Swan Lifeline
- Formation: 1986
- Founders: Tim Heron, Jane Castling, Ginny James
- Type: CIO
- Purpose: Rescue, rehabilitation and release of swans and wildfowl.
- Location: Eton, Berkshire, England;
- Region served: Berkshire, Buckinghamshire, Oxfordshire, Hampshire, Hertfordshire
- Key people: Trustees:; Julian Nichols; Tania Dawson; Gemma Nelson;
- Website: swanlifeline.uk

= Swan Lifeline =

Non-profit UK rehabilitation organization

Swan Lifeline is the oldest registered charity devoted entirely to the care of sick and injured swans in the Thames Valley and surrounding areas. It is a non-profit organization dedicated to the rescue, rehabilitation and release of swans and other non-alien waterfowl. Founded in 1986, it has been actively involved in educating the public about the incidence and effects of pollution and human activities on swans and other wildfowl on the UK's rivers and waterways.

==Avian Flu==
In January 2022, 26 swans at Swan Lifeline were culled by Animal and Plant Health Agency (APHA), overseen by the Department for Environment, Food and Rural Affairs (DEFRA). Four swans had already died from the disease and the culling was done to prevent spread. A three km protection zone was set up around the site, which ended on 21 April 2022 after 109 days.

==Mission and Activities==
Swan Lifeline's mission is to create a better, healthier and safer environment for swans and general wildlife in the UK.

The charity provides training in swan-handling to the Thames Valley Police, Fire and Rescue Services and Network Rail, as well as providing work-experience and training for students at the Berkshire College of Agriculture and the Royal Veterinary College.

==Impact==
Swan Lifeline started a campaign in the 1980s to successfully ban the use of lead weights used by anglers.

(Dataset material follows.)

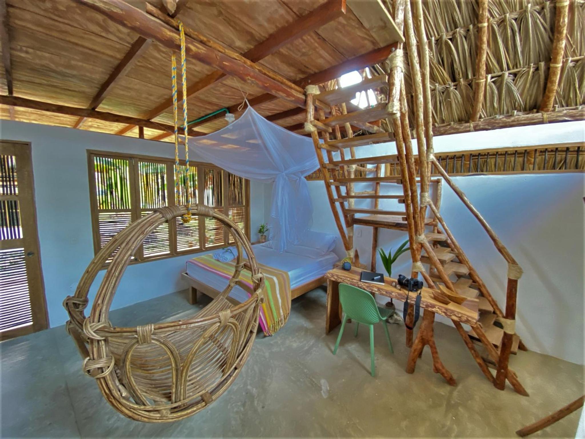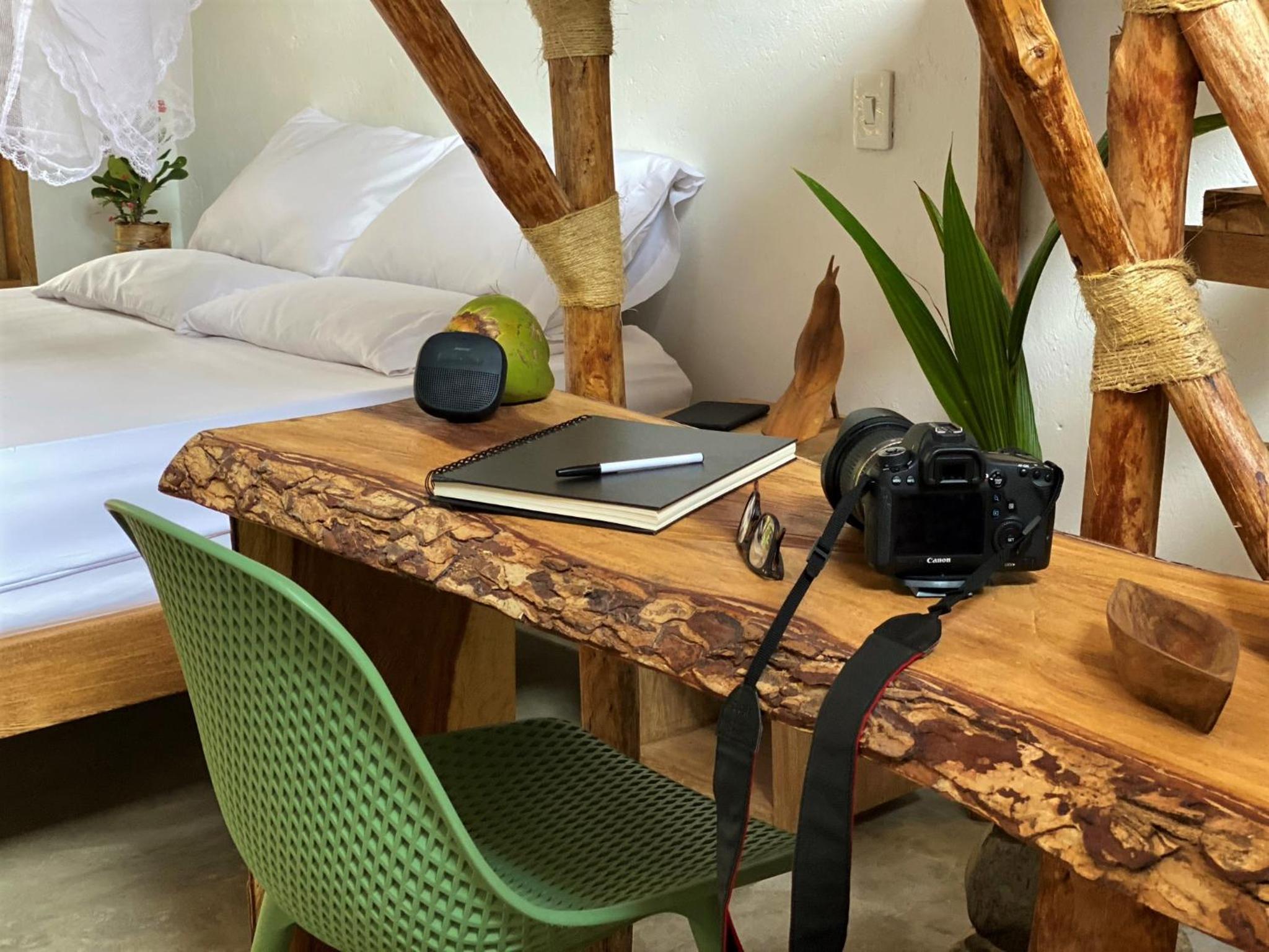 The quietness, the nature surrounding the location, the beautiful slots in the Palms trees of the property, the easiness to access to the ecolodge. The super welcoming, helpful and friendly staff.

Lead poisoning leads to botulism in swans.

Swan Lifeline works with the Marker of the Swans, the British Trust for Ornithology, the Edward Grey Institute of Field Ornithology and the Crown's Warden of the Swans - Chris Perrins LVO FRS. Swan Lifeline was the primary statistical source for Perrin's (et al) paper on The Impact of Lost and Discarded Fishing Line and Tackle on Mute Swans (2002)

Notable rescues include a swan that landed on the roof of the number 19a Little Orange bus in Reading, Berkshire, on 17 February 2023.

==Controversies==
In 2018, the pet food brand Wild Things teamed up with Swan Lifeline and the Wildfowl & Wetlands Trust to keep bread away from all ponds and lakes. The 'Ban the Bread' campaign was developed to encourage the public to look after their local wildlife responsibly and educate them on healthier alternatives available.

Swan Lifeline ceased their association with the Wild Things' campaign and now advises that the public should feed swans bread, but in moderation. The WWT also now advises to feed bread in limited situations.

==Patrons==
Notable patrons have included:
- George Michael
- Sir Michael Parkinson CBE

==Governance and Funding==
The charity is governed by a board of trustees. It is entirely funded by donations and grants.

==Awards and recognition==
In November 2023, one of its trustees and volunteers - Cindy Smulders - won two awards at the #OneSlough Awards: The first for Supporting Children and Young People; and the second for Making a Difference to the Environment.